## Stored data
■ ■ ■ ■ ■ ■ ■
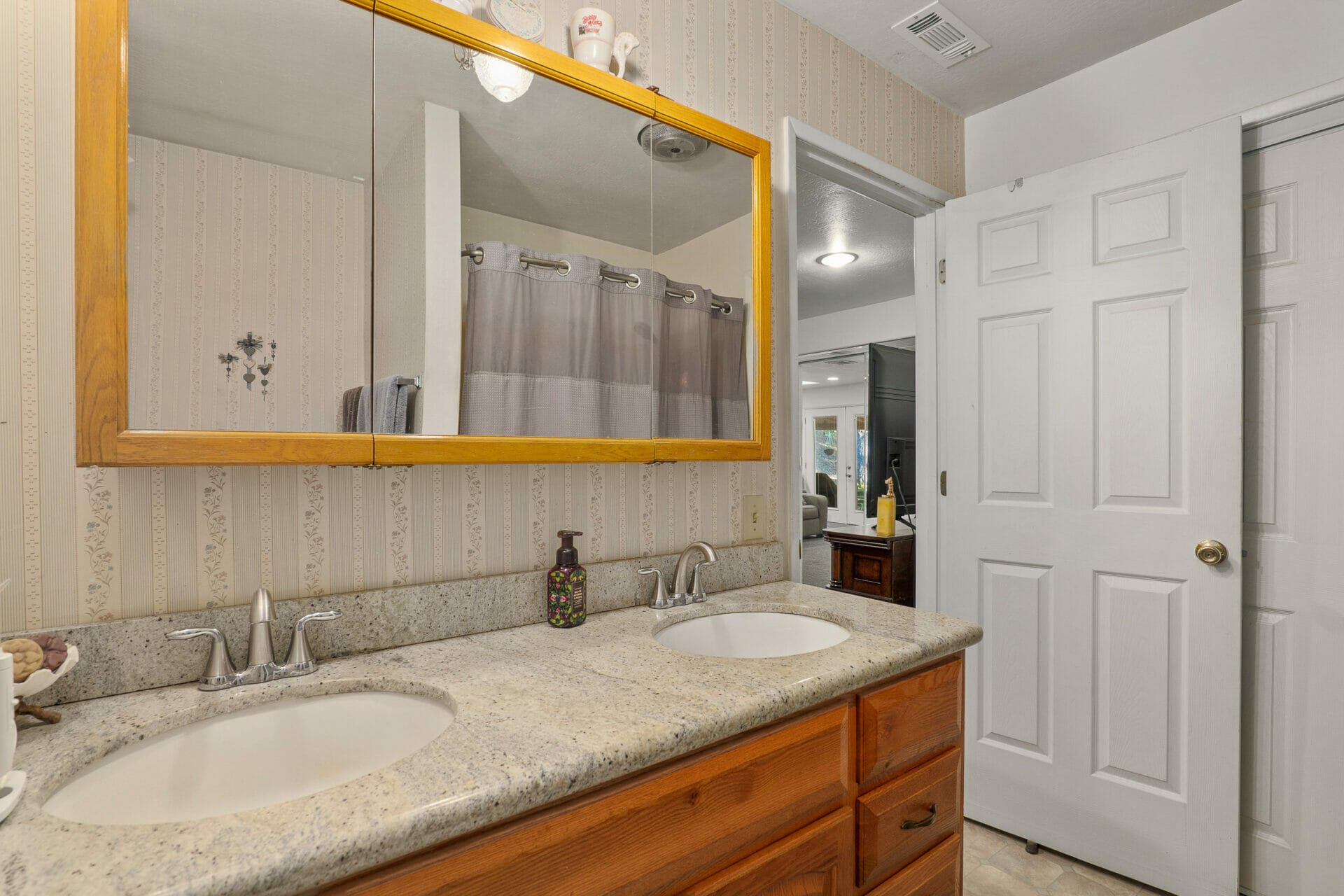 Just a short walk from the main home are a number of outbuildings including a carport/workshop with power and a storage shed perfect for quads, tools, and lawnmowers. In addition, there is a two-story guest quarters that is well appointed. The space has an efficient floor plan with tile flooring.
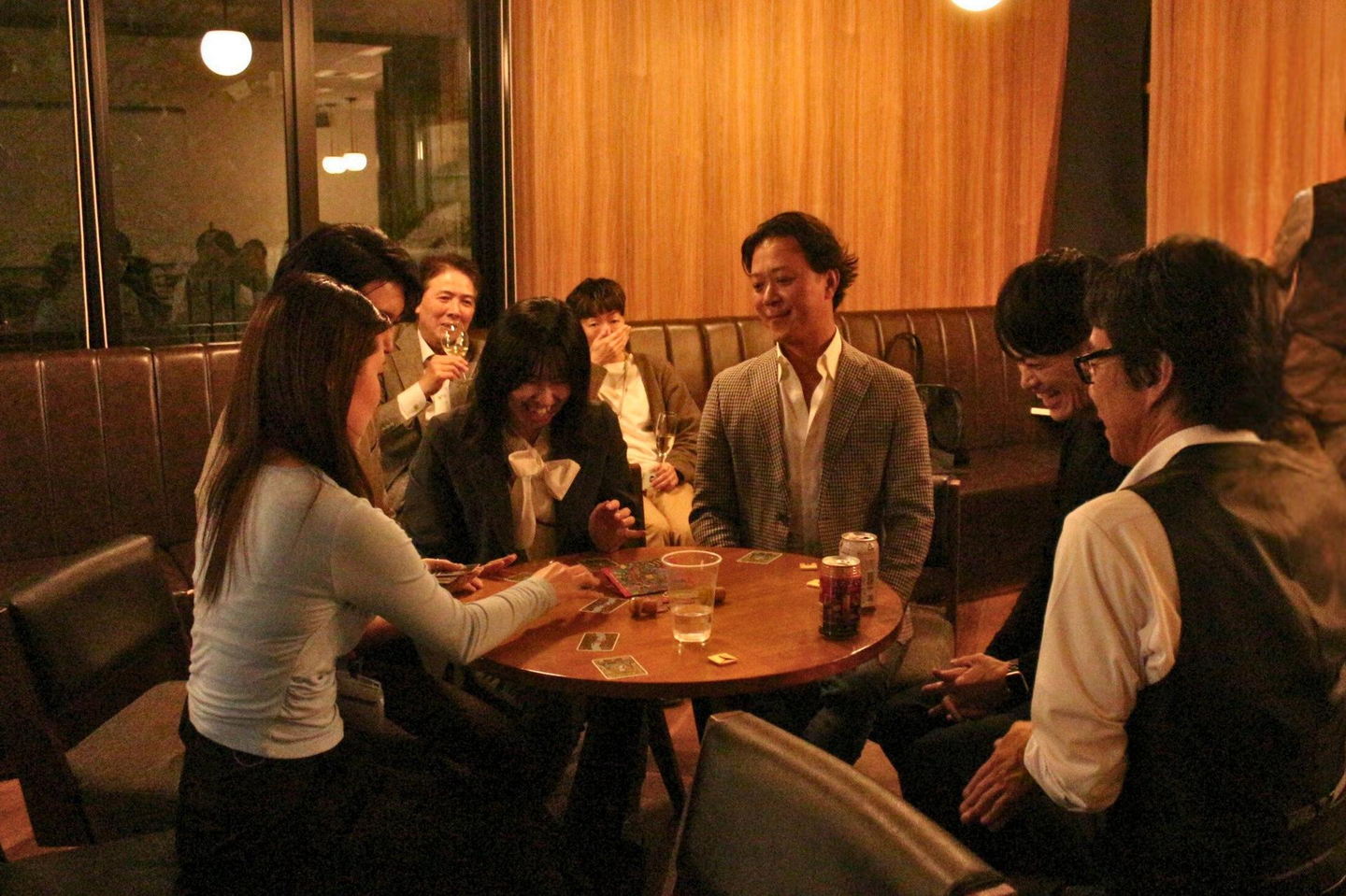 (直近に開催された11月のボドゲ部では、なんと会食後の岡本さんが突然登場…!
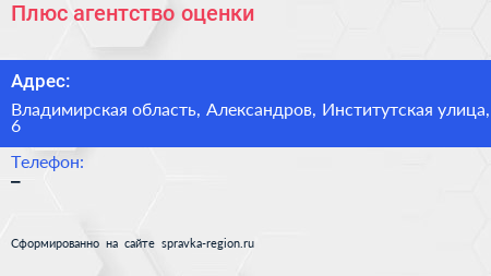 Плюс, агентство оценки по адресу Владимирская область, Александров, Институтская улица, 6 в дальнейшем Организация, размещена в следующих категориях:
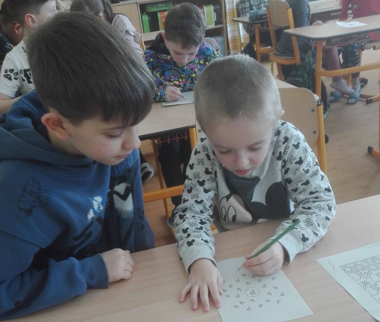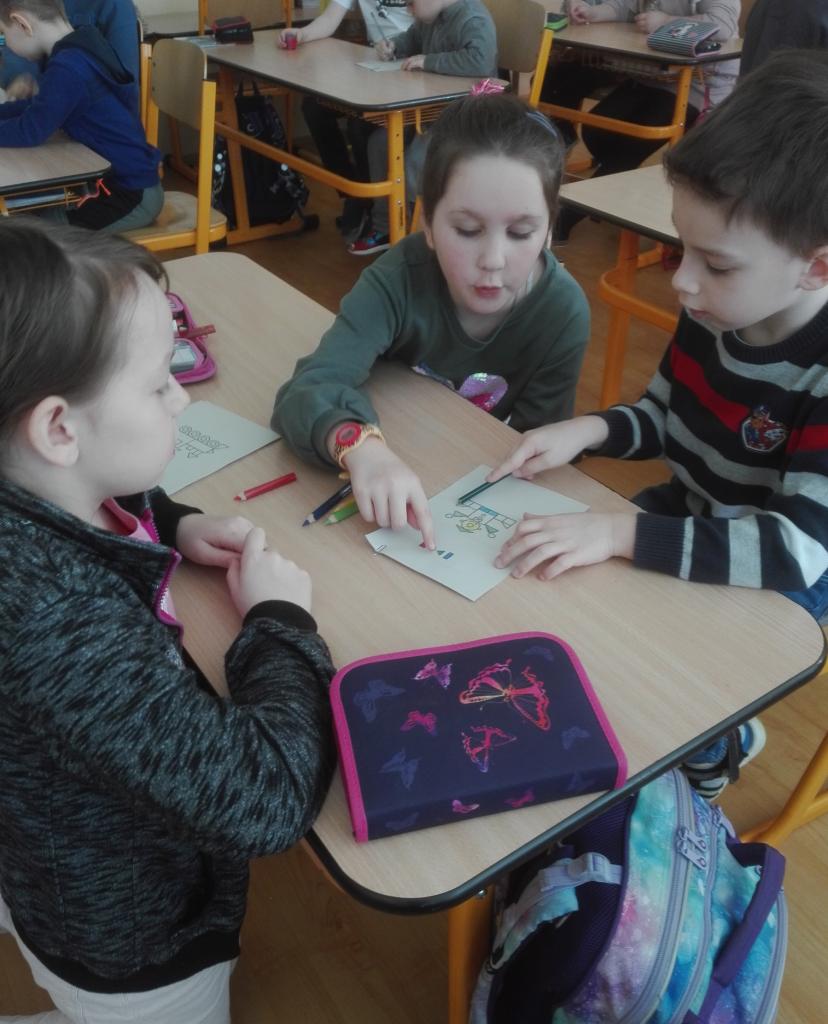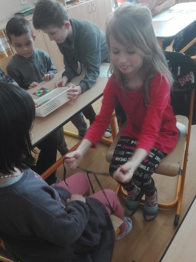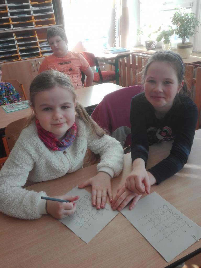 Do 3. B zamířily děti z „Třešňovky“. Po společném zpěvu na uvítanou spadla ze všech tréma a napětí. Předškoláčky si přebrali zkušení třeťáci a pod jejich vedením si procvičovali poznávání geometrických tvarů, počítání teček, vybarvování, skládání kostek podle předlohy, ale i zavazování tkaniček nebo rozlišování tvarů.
■ ■ ■ ■ ■ ■ ■
## Prompt
Set the data above down again exactly as given, with no pictures.

## Task result
 Just a short walk from the main home are a number of outbuildings including a carport/workshop with power and a storage shed perfect for quads, tools, and lawnmowers. In addition, there is a two-story guest quarters that is well appointed. The space has an efficient floor plan with tile flooring.
 (直近に開催された11月のボドゲ部では、なんと会食後の岡本さんが突然登場…!
 Плюс, агентство оценки по адресу Владимирская область, Александров, Институтская улица, 6 в дальнейшем Организация, размещена в следующих категориях:
 Do 3. B zamířily děti z „Třešňovky“. Po společném zpěvu na uvítanou spadla ze všech tréma a napětí. Předškoláčky si přebrali zkušení třeťáci a pod jejich vedením si procvičovali poznávání geometrických tvarů, počítání teček, vybarvování, skládání kostek podle předlohy, ale i zavazování tkaniček nebo rozlišování tvarů.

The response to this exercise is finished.